Antje Boetius was also in the Arctic with the Polarstern in late summer 2012 when the sea ice coverage reached a new negative record. Now she and her team want to follow the same route and repeat the measurements made back then to compare them with previous data. “This year we are leaving at a time when the ice cover is about the average of the last ten years,” she says. “But the melting season lasts until mid-September, and you can see that the ice sheet is just breaking up into individual floes across the Arctic Ocean. Exactly where we have planned the majority of our stations.”

First rehearsals north of Spitsbergen

For their measurements and sampling, the researchers want to anchor the ship on an ice floe, with which it will then slowly drift. Meanwhile, the sea ice physicists and biologists will be working on the ice floe and their colleagues on the ship will be exploring the different layers of the ocean.

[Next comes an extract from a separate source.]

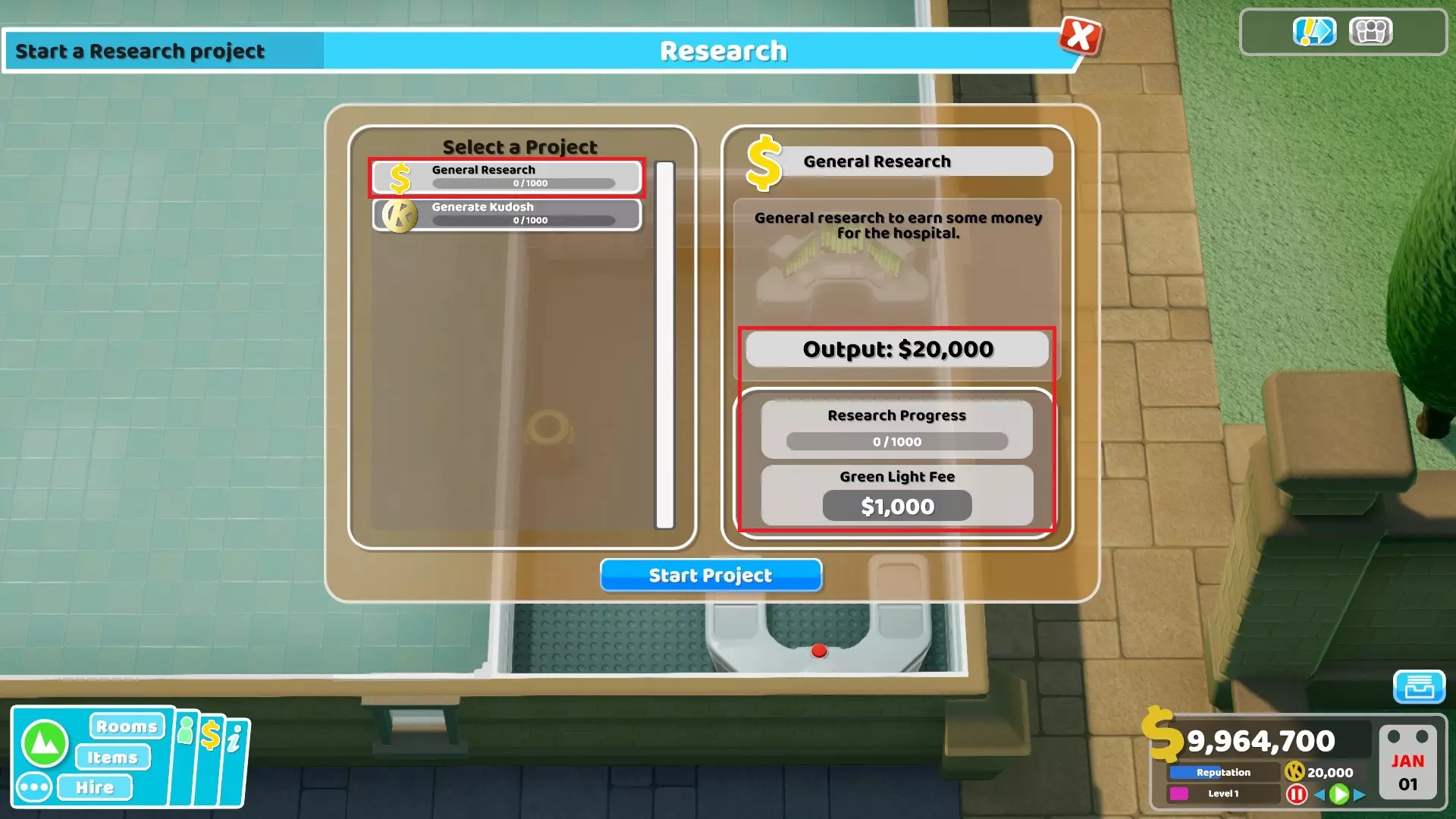 A. Is it worth it to use research to earn money ? Thanks to the calculator[docs.google.com], it's quite easy to answer this question. Yes, it can be very profitable with the proper setup. First, let's talk about items boosting the Research Powers. Note that Research Monitors, Researcher's Desk, Servers, Super Computers, Deep Thing 1 and 2 all have a monthly energy cost and can potentially make the player lose money instead of helping. Therefore, only use Research Monitors, Researcher's Desks, Super Computers or Deep Thing 1 when : - you have a solo researcher at level 4 at least - or 2 researchers at level 2 or above - or 3 researchers with at least one at level 2 - or when there are more than 3 researchers Only use Deep Thing 2 when : - you have a solo researcher at level 3 at least - or at least 2 researchers, with one at level 2 or above An important thing to note is that the Science Station (from Close Encounters DLC) doesn't have any energy cost and is very cheap, so you can use it anytime if you want even though it's quite big for just 1% Research Power. Keep in mind Servers are quite inefficient since the Research Power they provide is twice as costly per month as other boosting items. It's better to rely on other items. These boosting items can significantly reduce the time it takes for researches to complete and make research very profitable in the long term. Just use the calculator to see how much impact will have the addition of some items for your setup. Except the Science Station, these items are all very expensive though. That said, if you have spare money it's still better to place some of these objects than having money sleep for nothing. If you need money, you can still sell them anyway to get your money back. Something else to be aware of is that Servers, Super Computers, Deep Thing 1 and 2 also increase temperature around them. B. Profitability per project completion Here is how much money is gained in average after completing the "General Research" money project with 1, 2 and 5 doctors with the skill from research I to research V. Days displayed are the number of days it takes to complete the project including break days. No items are used. 1 level 1 doctor (~345 days) = 1 803$ 1 level 2 doctor (~200 days) = 7 403$ 1 level 3 doctor (~141 days) = 9 301$ 1 level 4 doctor (~109 days) = 9 737$ 1 level 5 doctor (~89 days) = 9 042$ 2 level 1 doctors (~173 days) = 2 370$ 2 level 2 doctors (~100 days) = 7 731$ 2 level 3 doctors (~71 days) = 9 532$ 2 level 4 doctors (~55 days) = 9 915$ 2 level 5 doctors (~45 days) = 9 187$ 5 level 1 doctors (~69 days) = 2 710$ 5 level 2 doctors (~40 days) = 7 928$ 5 level 3 doctors (~29 days) = 9 671$ 5 level 4 doctors (~22 days) = 10 022$ 5 level 5 doctors (~18 days) = 9 274$ As we can see researchers become much more "efficient" at level 3 or above. If you intend to make money with research, try to recruit doctors with the "Cheap" trait and reduce their expected salary during promotion. Researchers aren't really more efficient when happy contrary to medical staff, so just make sure their happiness is above 20%, otherwise it doesn't matter. C. Long term profitability As pointed out by Nspace, the above chapter only takes into account the profitability for only one research project. Here is on average how profitable each group of doctors will be in the long term. Let's take a time span of 5 years (1 825 days). 1 level 1 doctor = 9 542$ 1 level 2 doctor = 67 679$ 1 level 3 doctor = 120 835$ 1 level 4 doctor = 163 971$ 1 level 5 doctor = 187 068$ 2 level 1 doctors = 25 085$ 2 level 2 doctors = 141 358$ 2 level 3 doctors = 247 670$ 2 level 4 doctors = 333 943$ 2 level 5 doctors = 380 136$ 5 level 1 doctors = 71 712$ 5 level 2 doctors = 362 394$ 5 level 3 doctors = 628 176$ 5 level 4 doctors = 843 857$ 5 level 5 doctors = 959 339$ Since 5 level 5 doctors can research much faster, they are ultimately the most profitable research group. The issue with 5 level 5 doctors is that it will require a lot of micro management, since you will have to start a new project every 18 days or so. Obviously, make sure to instantly pause the game as soon as a project is finished to start a new one and thus avoid paying doctors and energy for nothing. In any case, don't forget that it's not cheap in terms of money/time to train these doctors so keep that in mind. D. Initial costs The initial cost of the construction of the room, the recruitment fees of the doctor(s) and the training costs mean it will take time for research to really become profitable. If we include those costs for the solo level 4 doctor we have: Research room price = 35 100$ Recruitment fee = 1 650$ Research I training = 15 000$ + 37 days of training by default Research II training = 20 000$ + 42 days of training Research III training = 25 000$ + 46 days of training Research IV training = 30 000$ + 50 days of training Salary during the 37 days of training = 1 724$ Salary during the 42 days of training = 2 302$ Salary during the 46 days of training = 3 025$ Salary during the 50 days of training = 4 110$ 35 100 + 1 650 + 15 000 + 20 000 + 25 000 + 30 000 + 1 724 + 2 302 + 3 025 + 4 110 = 137 911$ As you can see, 137 911$ is quite an investment... Let's see how many level 4 campaigns are needed to repay this investment. A campaign lasts around 109 days if we include break days. We get around 9 737$ per campaign. 137 911 / 9 737 = ~15 It takes 15 research projects to pay the investment. This means we need 5 years of research to repay the initial investment with level 4 campaigns, it's obviously more than that if we take into account early campaigns made before the doctor reaches level 4. If you have more than 1 researcher, make your own doctor train the others so you can at least reduce the costs there. Having more researchers will help to quickly repay the investment. Finally, if you play the Bigfoot DLC, it unlocks more money research projects in the campaign (doesn't seem to be available in the sand

If everything goes according to plan, the Polarstern will collect the first samples and data north of Spitsbergen. It will then initially travel east along the 85th degree of latitude. The Polarstern should then reach the North Pole in mid-September. The ship is expected back in Bremerhaven on October 1st.

In the first few days, the researchers on board set up their laboratories, set up and tested devices and planned the upcoming research work together with the ship’s crew. During a short stopover near Longyearbyen on Svalbard, important sensors that had not made it to Tromsø in time were taken on board.

During the night from Sunday to Monday, the Polarstern finally reached the edge of the sea ice. The further occurrence now depends primarily on the ice situation. Using satellite images, the researchers will soon select a large ice floe to moor there and study changes in the Arctic.

The current sea ice situation at the poles and the current location of the “Polarstern” can be found on the website www.meereisportal.de find.